Secondly, MTN was stopped from keeping its very affordable Dara Zone bundles on the market and that has most likely discouraged the loads of students who used to patronize it for their school work from buying it at the new and more expensive prices. The intent of the regulator for ordering MTN to review the prices of that package upwards is to ensure that MTN does not have the lowest prices on the market.
In fact, MTN has been directed by NCA not to have the lowest tariffs of voice, SMS and data on the market. All that is designed to make MTN’s competitors be able to compete on pricings. So while some of MTN’s interconnect fees have been left for the other telcos to keep, they are also being allowed to offer lower prices than MTN to possibly deny MTN more revenue.

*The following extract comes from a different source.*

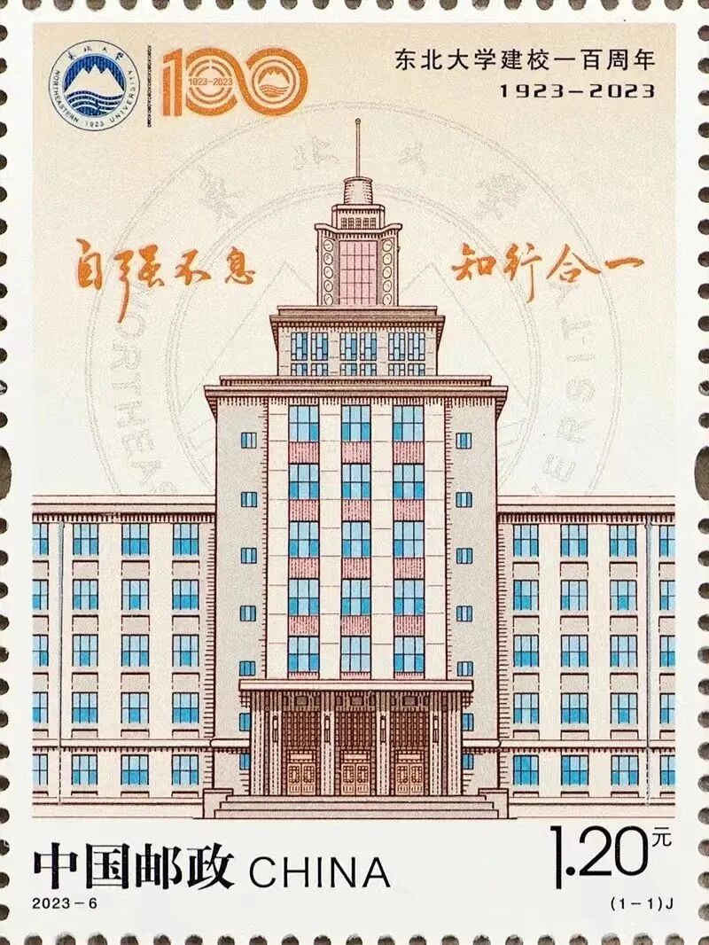 邮票画面采用雕刻线手法配合淡彩形式表现,展现了东北大学标志性建筑——南湖校区信息学馆。

All of this could be reasons fuelling the efforts to find other ways to increase its revenue and be able to meet its operational cost, hence the decision to use the merchants and agents’ demand as a primary reason to increase cash out transaction fees. Indeed, MTN may also be using that move as a protest to the policies being implemented to constrain its operations.
NCA claims the declaration of MTN as an SMP is not meant to stifle its operations. But the manifestations of the regulatory interventions have done nothing but place constraints on MTN, even though the company seem to always find a way to continue growing in spite of those constraints.
Financial Inclusion
Having said all that, let me make the point that it is true MTN made huge loses in the first six years of rolling out mobile money. It is true that a lot of the losses was because agents, at the time, had easy access to customers’ secret PINs and therefore could easily steal their money and leave MTN with debts to settle. It is true that e-levy has affected mobile money earnings for MTN and all other players in the industry. It is true that SMP constraints are denying MTN revenue. But I don’t see how MTN MobileMoney would think service fee increase is the way to go at a time when financial inclusion is the watch word in the industry and affordability is the main driving force for inclusiveness.
It is my hope, therefore, that as MTN has suspended the planned increase, it will find another innovative way to satisfy its merchants outside of increasing service fees. Any strategy that depends on increasing service fees at this time, threatens to derail the gains made in inclusion and probably discourage further adoption and usage of digital finance.